On Tuesday, the council approved an item, placed on consent, approving a resolution that would authorize Raney Planning to provide an environmental analysis for a mixed-use project located on Olive Drive on five parcels from 1031 to 1055 Olive Drive.
The project proposes to create roughly 76 single-bedroom apartment units of approximately 425 square feet to provide workforce housing. The applicant is proposing to provide 28 percent low-income units.
The item drew several public commenters, most of them complaining about process. Colin Walsh during the main public comment asked the city to specify under what conditions items should be placed on consent, and wondered if it was appropriate to do so when the item was just introduced and seemed to elicit community input and response.
City Manger Mike Webb noted, “While we certainly understand and recognize community interest in engaging on the merits of the proposal that has been submitted – we’re not quite there – we’re undertaking the analysis of the proposal. We’re not quite there.”
Colin Walsh said, “It’s not just a case with this item that it’s been placed on consent calendar, which in itself is a problem.”
He also noted that the city had failed to put the documents of the project on its website or the agenda. By Friday around 3 pm, after emailing City Manager Webb, he received a link to the city website where all of the documents were finally uploaded.
“The project application was stamped, August 7, the city received it August 7 and failed to make it available to the public until it was requested on Friday – the Friday before this meeting,” he stated. “Part of what is not routine here, part of what is controversial is the city’s failure to make it available to the public.
“The city can do better, the city can do a lot better,” he said.
Eileen Samitz has many concerns about the project, and she said, “It’s really an unrealistic proposal. It’s nothing short of being absurd what’s being proposed here.”
She pointed out the number of units being proposed “with five parking spots for 72 bedrooms” and “there will be commercial there (with) four parking spaces.” (It’s actually 76 bedrooms).
“This is not workforce housing,” she stated. “You cannot expect 72 bedrooms to be workforce workers and relying entirely on transit, particularly on Richards Corridor.”
She said, “Davis does not have the public transit system to support something huge and high density, especially at this particular area. It’s one of the worst choke points in the entire city and it’s only going to get worse when Lincoln40 comes with its hundreds of people.”

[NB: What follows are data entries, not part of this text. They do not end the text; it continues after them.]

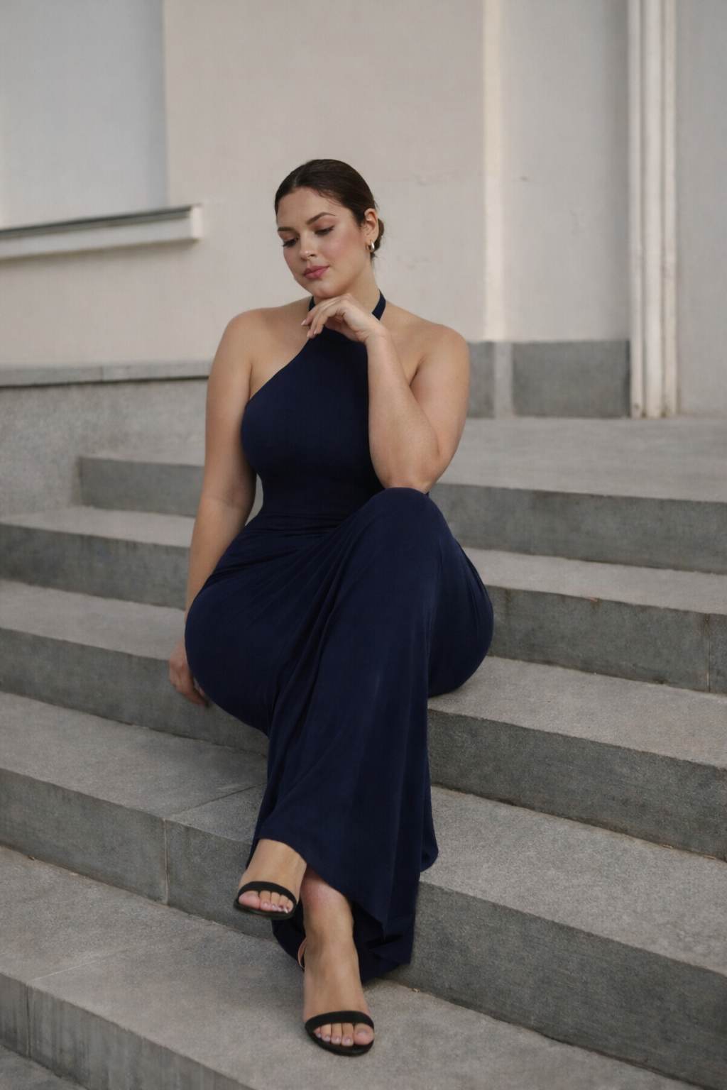 La modelo lleva una talla XL reducido en cintura. Mide 1.78 m de altura.
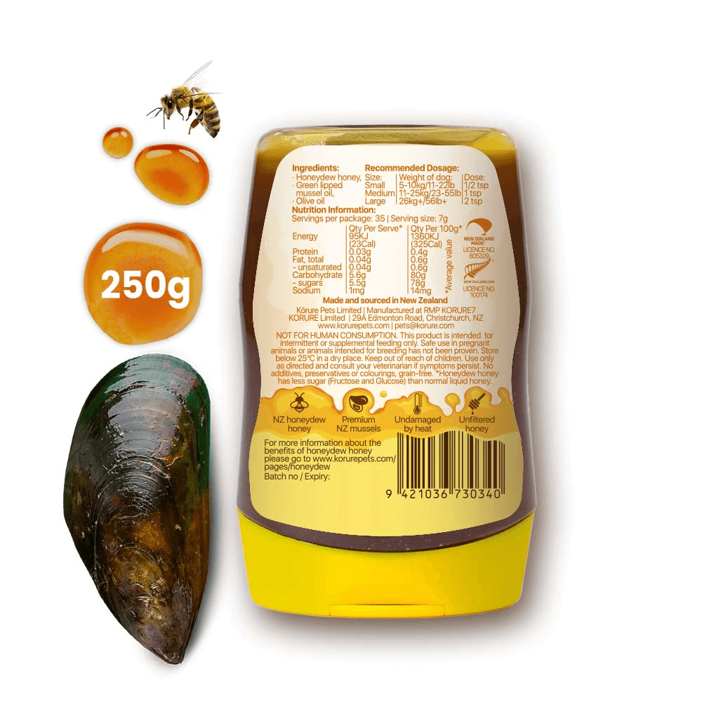Korure Pets Honey Mussel Oil Dog Oral Liquid is a natural canine supplement formulated to support joint health and immunity in dogs of all ages. This nutrient-rich topper combines high-quality New Zealand honeydew honey with green-lipped mussel oil to create a palatable liquid that enhances daily meals.
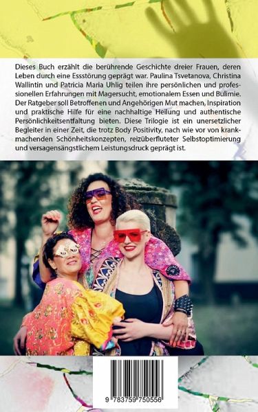 Dieses Buch erzählt die berührende Geschichte dreier Frauen, deren Leben durch eine Essstörung geprägt war. Paulina Tsvetanova, Christina Wallintin und Patricia Maria Uhlig teilen ihre persönlichen und professionellen Erfahrungen mit Magersucht, emotionalem Essen und Bulimie. Der Ratgeber soll Betroffenen und Angehörigen Mut machen, Inspiration und praktische Hilfe für eine nachhaltige Heilung und authentische Persönlichkeitsentfaltung bieten. Diese Trilogie ist ein unersetzlicher Begleiter in einer Zeit, die trotz Body Positivity, nach wie vor von krankmachenden Schönheitskonzepten, reizüberfluteter Selbstoptimierung und versagensängstlichem Leistungsdruck geprägt ist.
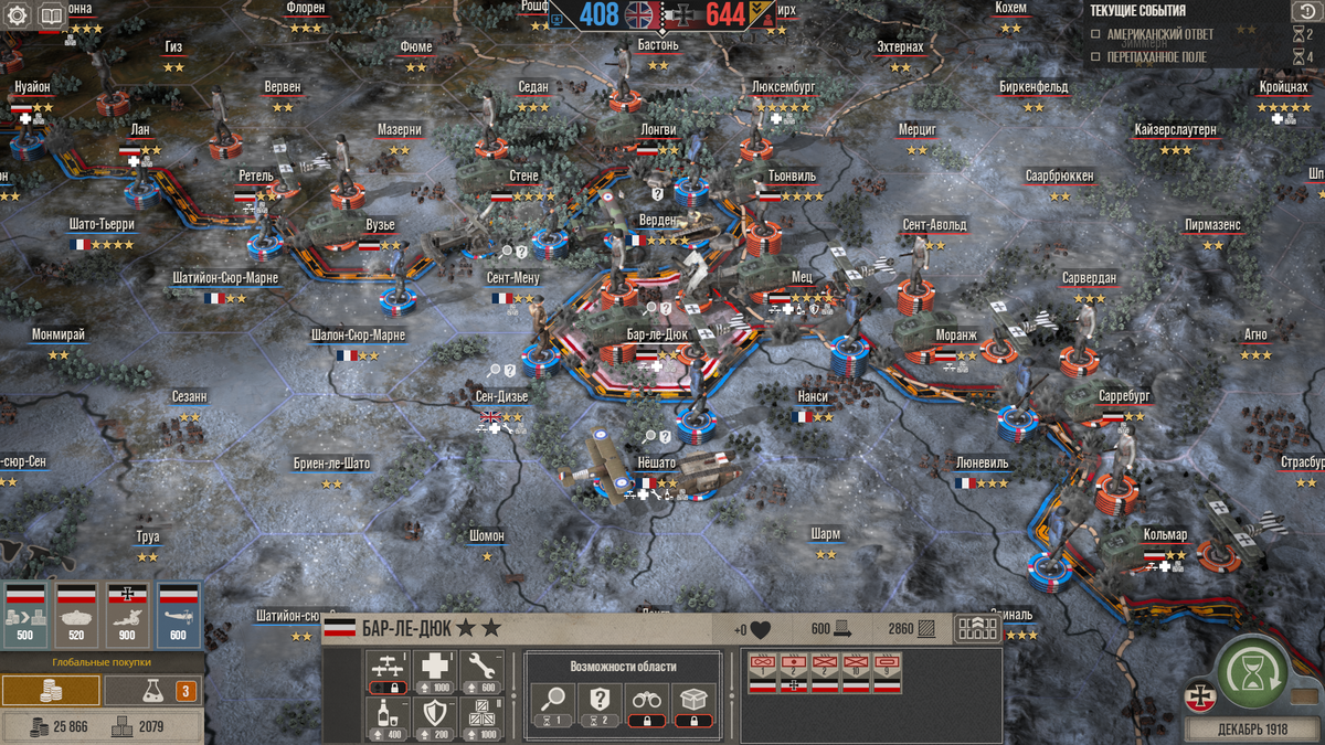 Собственно золото – первый ресурс в игре. Оно тратится на производство техники, строительство зданий в гексах (не буду на них останавливаться, они просто дают процентные бонусы к тем или иными показателям), автоматическое пополнение войск между сражениями и закупку дополнительных очков снабжения. Увеличить поступление золота можно с помощью технологий и выполнением побочных заданий из разряда «уничтожьте 5 пулеметных гнезд за 3 хода». Если золото тратится на стратегической карте, то снабжение – на тактической. Каждый корпус пехоты или батальон техники имеет свой запас снабжения (запас складывается, если в гексе размещено несколько фишек войск), необходимый для вызова войск, строительства укреплений и применения артиллерии и авиации, но обычно этого запаса недостаточно. Поэтому армии так же получают доступ к определенному запасу снабжения (его размер зависит от уровня построенного в этом гексе склада снабжения) из общего пула, который и отображается на стратегической карте. Если запас общего пула равен нулю, то и армии во время боя не смогут им пользоваться. Как сказал выше, запас снабжения можно увеличить, обменяв на него золото, при этом выгодность курса обмена улучшается технологиями. Второй вариант – все те же задания.
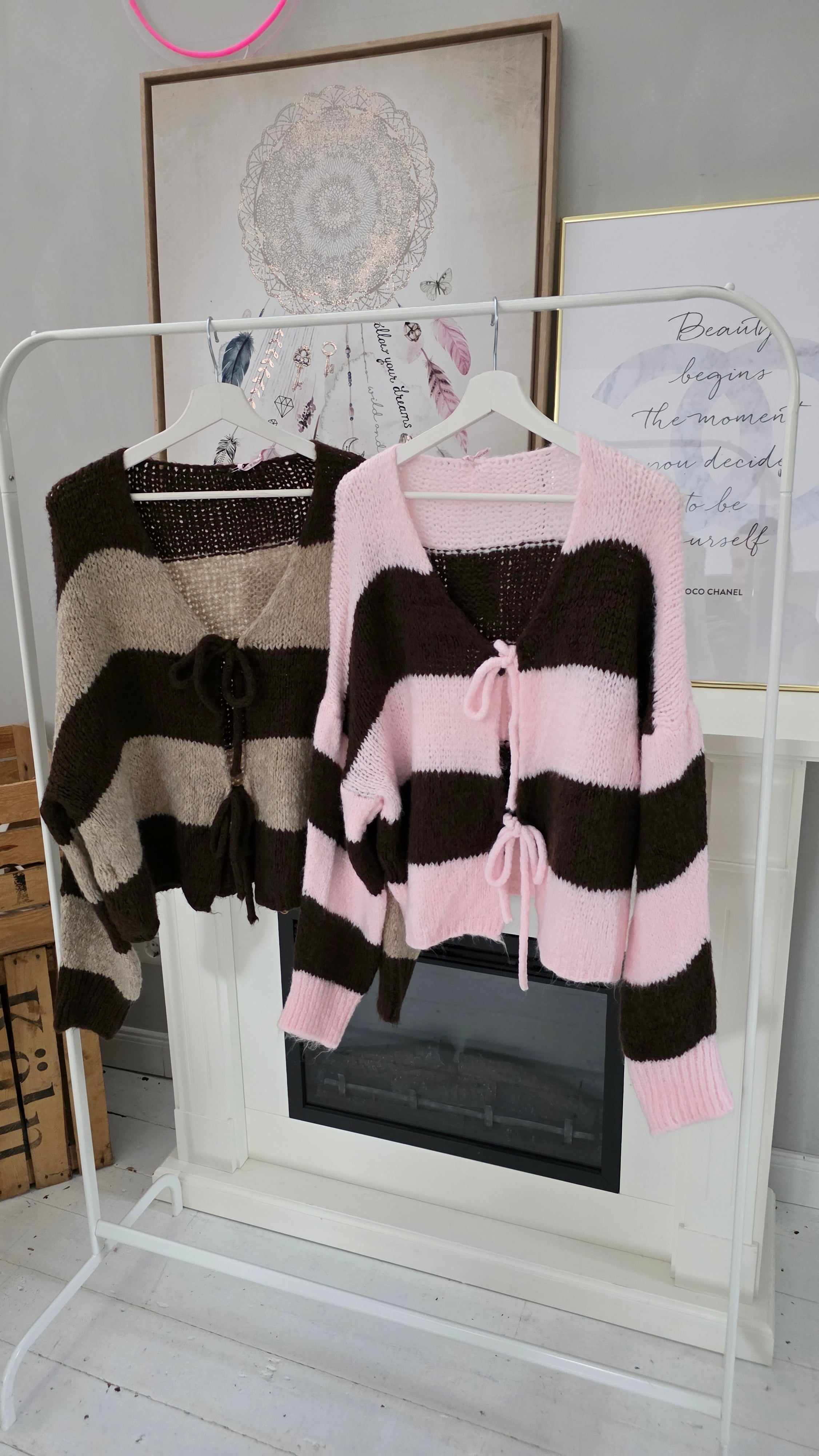 Kuscheliger Striped Cardigan mit Schleife Art. 4197
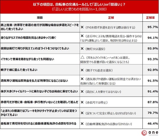 マーケティング支援事業を手掛ける株式会社one(本社:東京都新宿区、代表取締役CEO:清水佑介)は、2026年3月11日(水)~3月13日(金)の3日間で、全国の16歳以上の男女で週3日以上自転車を利用する方1,000人を対象に「自転車交通ルールに関する意識・実態調査」を実施しましたので発表いたします。

Councilmember Lucas Frerichs noted, “This is the beginning of the process for this… it starts the process in motion, it is not the approval of the project. It simply authorizes the ability for environmental analysis to begin on it.”
Councilmember Will Arnold had questions about the rules for the city’s process.
“What choice does the city have here to move forward with environmental analysis?” the councilmember asked. “If I was a project proponent and I wanted to for example take City Hall and turn it into a ten story casino and open air gun range on the roof, the city council would likely summarily deny the project and say we have no interest in it – is that generally correct?”
Mike Webb responded that summarily denying such a project would be within the council’s purview – in part because it’s city-owned property and the applicant would not have ownership stake in it. The city as property owner must approve of the submittal of an application in the first place.
He explained though, “Generally speaking under California land use law when you have an application for land use entitlement proposed to the city, the city has an obligation to a certain level to review and undertake review of that proposal and bring it forward through a fair hearing process for consideration and analysis.”
He said, “The exception to that can be when there is a general plan amendment that is proposed – the city council is not obligated necessarily to undertake review of that proposal.”
That would be one case where the council has the ability to decide whether to bring such an application forward in the first place.
Councilmember Arnold said, “There are fairly narrow circumstances in which we can choose not to move forward with environmental analysis on a project proposal.”
He added, “And this is not one of those circumstances.”
City Attorney Inder Khalsa noted that when a private property owner comes forward “they actually have a state law right to apply to develop their property.” That doesn’t mean that the city is obligated to approve their project but they do “have a right to file an application and as part of that application we do have to undertake environmental review under state law.”
Will Arnold said, “So this begins analysis of the project – it doesn’t necessarily move project approval forward.” He said that “we are compelled to do it by law, it costs us nothing because the developer – (it ) is part of their fees.”
He said, “Has an item like this ever not been on consent?”
Mike Webb said, not in terms of authorization for environmental analysis.
“That fits my definition of routine,” said Will Arnold. “This is a routine action that we are compelled to do, but compels us to do nothing.” He concluded, “I disagree with the assertion that this does not belong on the consent calendar.”
Gloria Partida would add, “It’s very difficult to smuggle anything into Davis because our process is so robust.”
She likes engagement, but “sometimes it’s a little over the top.”
City Manager Mike Webb did acknowledge, however, that it was an oversight not to have uploaded the material for public perusal.